• [EXTRACTED MATERIAL]
● ● ● ● ● ● ●
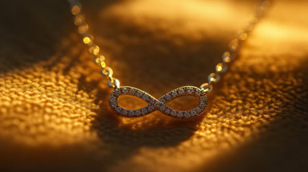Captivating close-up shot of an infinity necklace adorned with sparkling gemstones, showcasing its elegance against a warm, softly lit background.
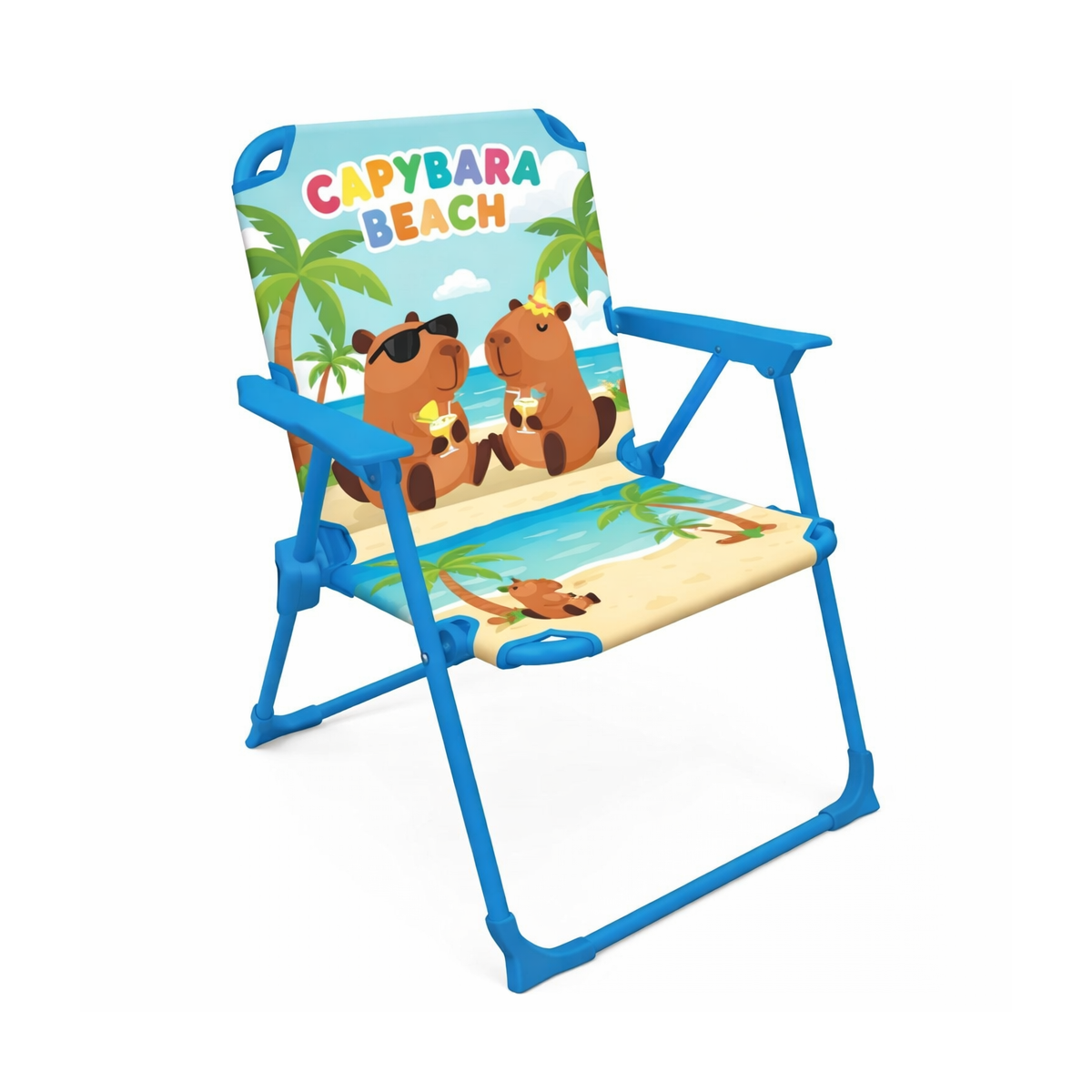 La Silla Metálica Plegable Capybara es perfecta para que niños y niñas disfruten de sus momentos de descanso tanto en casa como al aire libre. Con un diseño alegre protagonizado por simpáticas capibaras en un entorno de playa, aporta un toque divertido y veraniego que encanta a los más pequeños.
● ● ● ● ● ● ●
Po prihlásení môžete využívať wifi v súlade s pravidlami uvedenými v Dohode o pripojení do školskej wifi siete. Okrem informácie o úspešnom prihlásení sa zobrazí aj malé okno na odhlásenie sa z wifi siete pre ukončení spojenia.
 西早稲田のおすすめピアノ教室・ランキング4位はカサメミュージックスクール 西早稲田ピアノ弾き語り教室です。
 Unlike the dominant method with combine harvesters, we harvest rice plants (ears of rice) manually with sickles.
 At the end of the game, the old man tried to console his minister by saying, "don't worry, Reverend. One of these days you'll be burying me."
● ● ● ● ● ● ●
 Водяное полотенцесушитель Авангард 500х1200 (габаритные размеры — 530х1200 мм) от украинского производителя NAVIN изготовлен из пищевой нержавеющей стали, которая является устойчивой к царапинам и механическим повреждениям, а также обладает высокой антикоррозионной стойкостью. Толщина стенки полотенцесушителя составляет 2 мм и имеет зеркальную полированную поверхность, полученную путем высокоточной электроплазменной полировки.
● ● ● ● ● ● ●
• [EXERCISE DIRECTIONS] Using the entries above, give again exactly the lines from the line holding "Po prihlásení môžete" through the line holding "At the end of". Include both end lines and nothing else.

• [WRITTEN ANSWER]
Po prihlásení môžete využívať wifi v súlade s pravidlami uvedenými v Dohode o pripojení do školskej wifi siete. Okrem informácie o úspešnom prihlásení sa zobrazí aj malé okno na odhlásenie sa z wifi siete pre ukončení spojenia.
 西早稲田のおすすめピアノ教室・ランキング4位はカサメミュージックスクール 西早稲田ピアノ弾き語り教室です。
 Unlike the dominant method with combine harvesters, we harvest rice plants (ears of rice) manually with sickles.
 At the end of the game, the old man tried to console his minister by saying, "don't worry, Reverend. One of these days you'll be burying me."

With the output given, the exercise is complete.